GIVEN DATA:
┌──

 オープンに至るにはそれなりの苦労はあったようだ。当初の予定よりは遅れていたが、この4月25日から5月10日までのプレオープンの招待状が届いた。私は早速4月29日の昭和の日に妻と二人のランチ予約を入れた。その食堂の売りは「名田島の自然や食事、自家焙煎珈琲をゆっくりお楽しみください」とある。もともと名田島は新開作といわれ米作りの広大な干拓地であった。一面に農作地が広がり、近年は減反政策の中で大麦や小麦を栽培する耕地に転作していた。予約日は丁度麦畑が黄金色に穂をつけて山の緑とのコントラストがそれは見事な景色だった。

└──
┌──

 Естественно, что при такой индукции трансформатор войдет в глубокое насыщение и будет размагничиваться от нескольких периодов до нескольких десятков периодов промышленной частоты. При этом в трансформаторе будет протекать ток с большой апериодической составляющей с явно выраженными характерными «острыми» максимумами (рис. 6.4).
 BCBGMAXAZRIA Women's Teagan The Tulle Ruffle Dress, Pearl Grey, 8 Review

└──
┌──

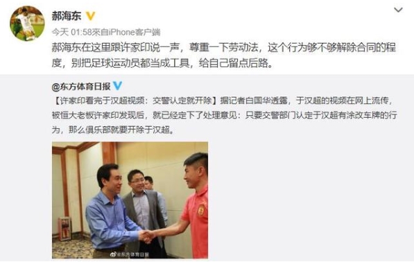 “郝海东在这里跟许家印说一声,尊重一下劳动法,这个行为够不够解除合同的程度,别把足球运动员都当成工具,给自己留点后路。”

└──

Starting at the line above that holds "Естественно, что при" and ending at the line that holds "BCBGMAXAZRIA Women's Teagan", transcribe each line exactly and include no other lines.

 Естественно, что при такой индукции трансформатор войдет в глубокое насыщение и будет размагничиваться от нескольких периодов до нескольких десятков периодов промышленной частоты. При этом в трансформаторе будет протекать ток с большой апериодической составляющей с явно выраженными характерными «острыми» максимумами (рис. 6.4).
 BCBGMAXAZRIA Women's Teagan The Tulle Ruffle Dress, Pearl Grey, 8 Review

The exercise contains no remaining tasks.